What we need is a “chain reaction” to “chain migration.”

According to an article by Brooke Singman, a Political Reporter for Fox News:

The attempted suicide bombing in New York (12/11/17) would never have happened if President Trump’s immigration policies had been in place, the White House said after it was revealed that the terror suspect had entered the country via chain migration. Akayed Ullah, a 27-year-old from Bangladesh, was admitted to the U.S. after presenting a passport displaying a family immigrant visa in 2011.

“The suspect is a Lawful Permanent Resident from Bangladesh who benefited from extended family chain migration,” Department of Homeland Security Press Secretary Tyler Houlton said in a statement.

That prompted White House Press Secretary Sarah Sanders to note that President Trump has railed against so-called “chain migration,” through which dozens of an immigrant’s relatives can enter the U.S. simply because their family member made it in.

“The president’s policy has called for an end to chain migration,” Sanders said. “If that had been in place, it would have prevented this individual from coming to the United States.”
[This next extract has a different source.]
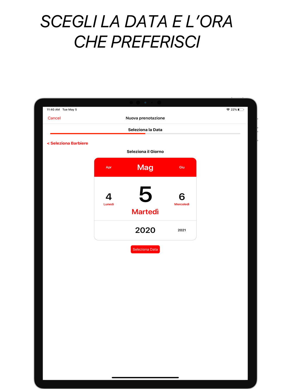 Un design semplice e intuitivo ti aiuterà in pochi semplici passi ad effettuare la prenotazione, scegliendo il tuo barbiere preferito e il tuo servizio desiderato.
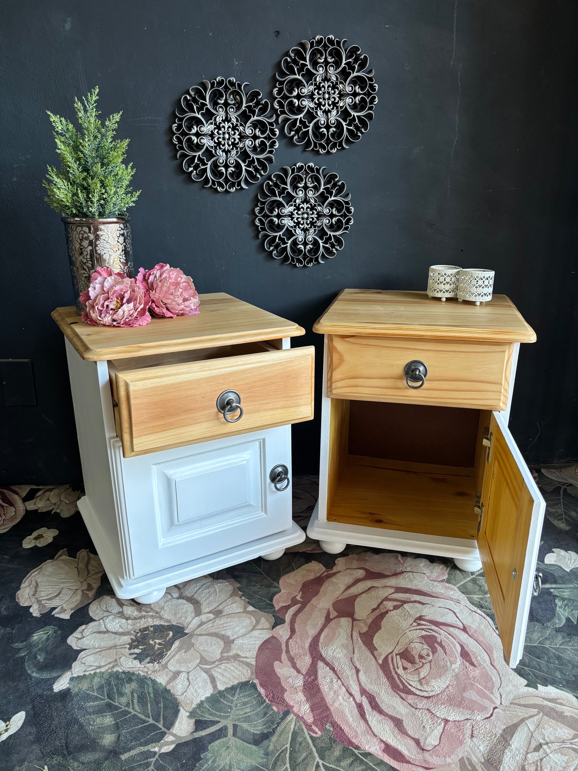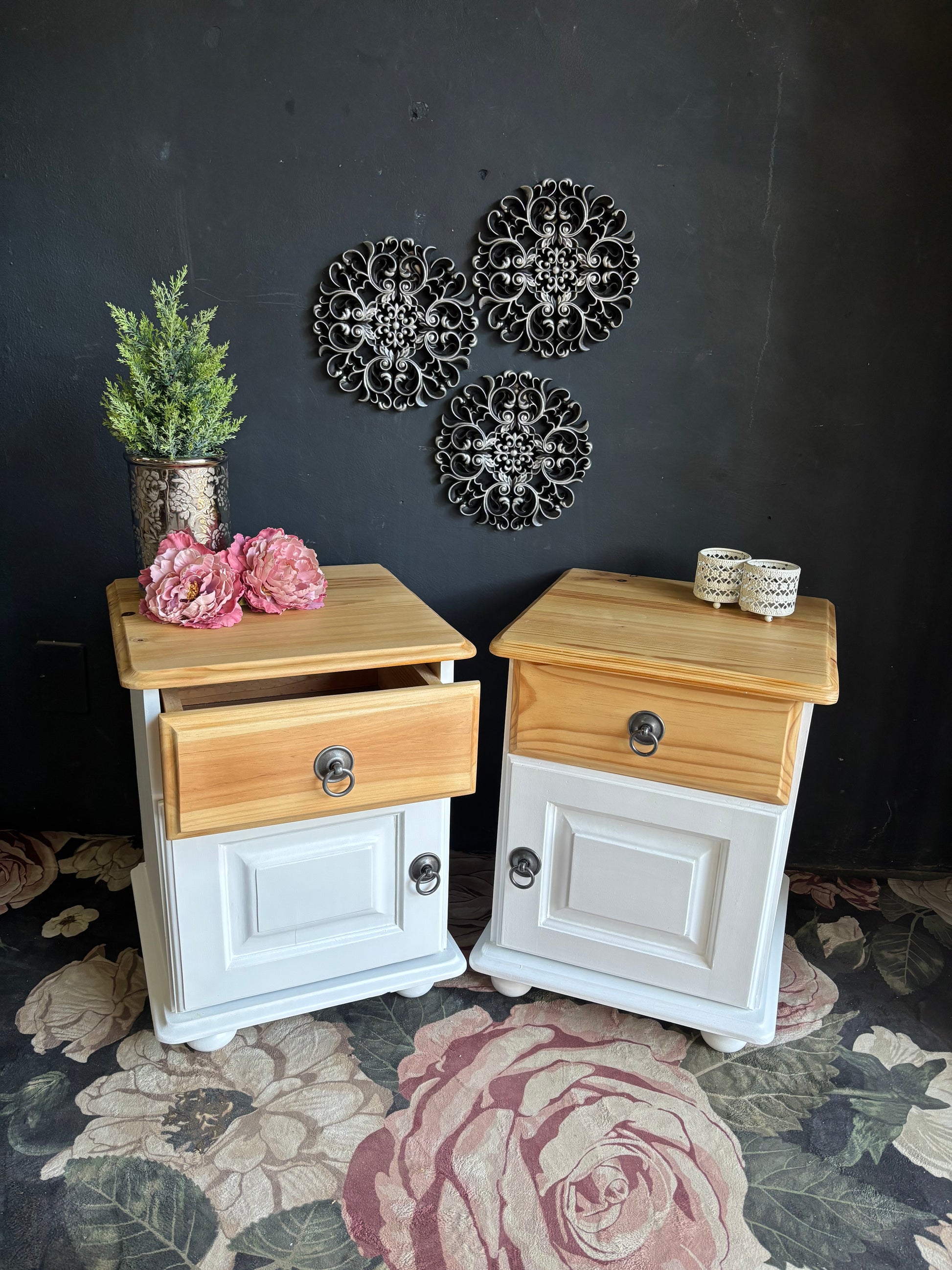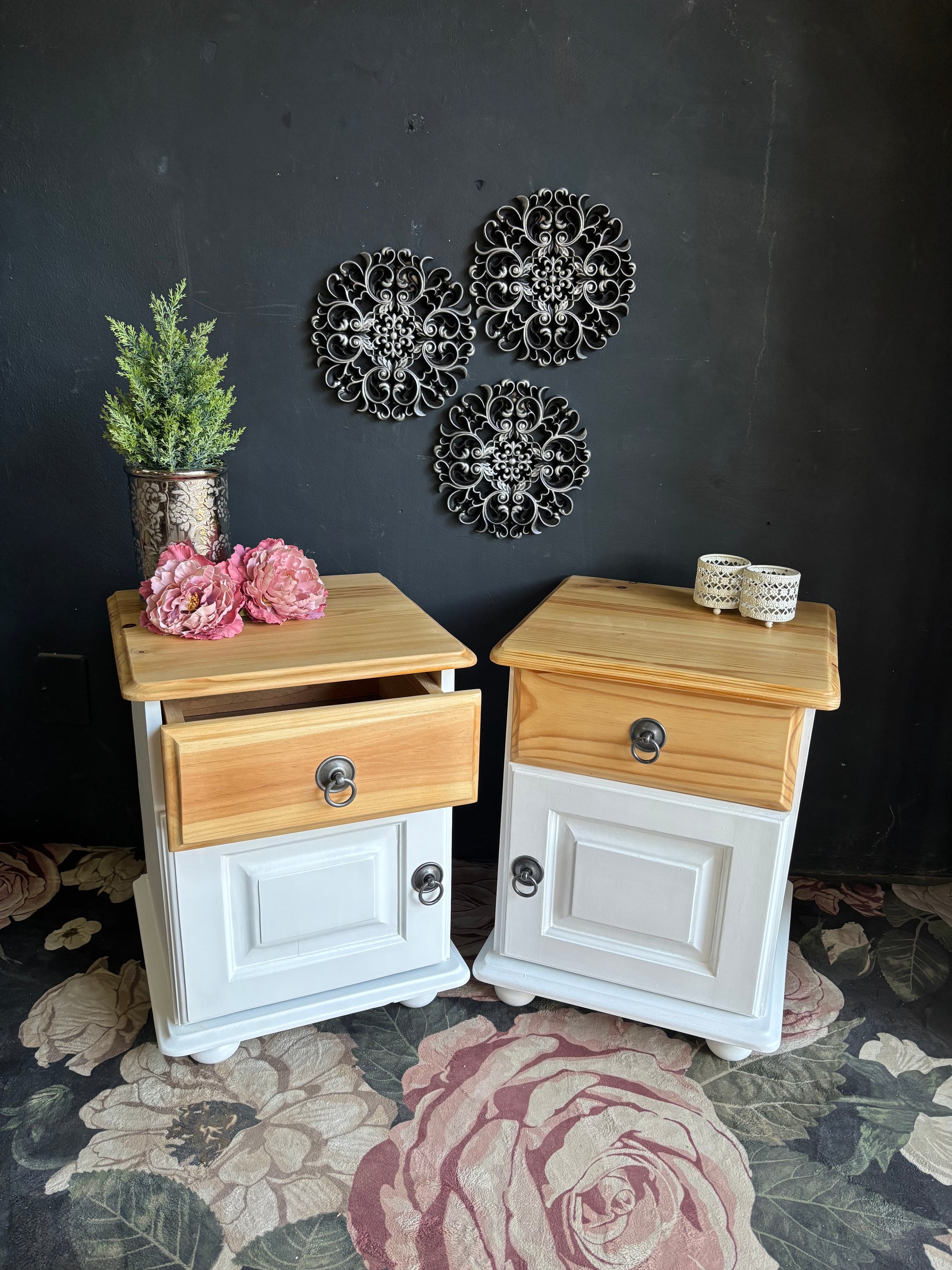 A charming pair of solid wood bedside tables featuring crisp white bases paired with warm pine tops. Each unit includes a smooth-gliding drawer and a spacious lower cabinet, offering both style and practical storage. Their clean, timeless design makes them perfect for both classic and modern interiors.

President Trump, in a statement, blamed the attack on America’s “lax immigration system, which allows far too many dangerous, and inadequately vetted people to access our country.”

Between 2005 and 2015 the U.S. permanently resettled roughly 9.3 million new immigrants on the basis of family ties.

So what exactly is “chain migration?”

Based on an article from NumbersUSA:

Chain Migration starts with a foreign citizen chosen by our government to be admitted on the basis of what he/she is supposed to offer in our national interest. The original immigrant is allowed to bring in his/her immediate family consisting of a spouse and any minor children.

After that, the chain begins.

Once the original immigrant and his/her spouse becomes a U.S. citizen, they can petition for their parents, adult sons/daughters and their spouses and children, and their adult siblings, and so on, and so on. One legal immigrant can turn into dozens of relatives.

Who thought this was a good idea to begin with?

Of course, there are many different people expressing varying opinions about this problem now.

I agree with President Trump that chain migration should be limited to the immediate family (spouse and dependent children).

But what do we do if some of the millions of chain migrators already here choose to commit acts of terror on the rest of us?

I personally like an idea I heard from Greg Gutfeld, while watching “The Five” on the Fox News Channel. He suggested that if a person comes into the U.S. on a migration chain, and chooses to commit an act of terror, that person risks the deportation of the entire migration chain that they were a part of.

Now this I could see as being a real deterrent.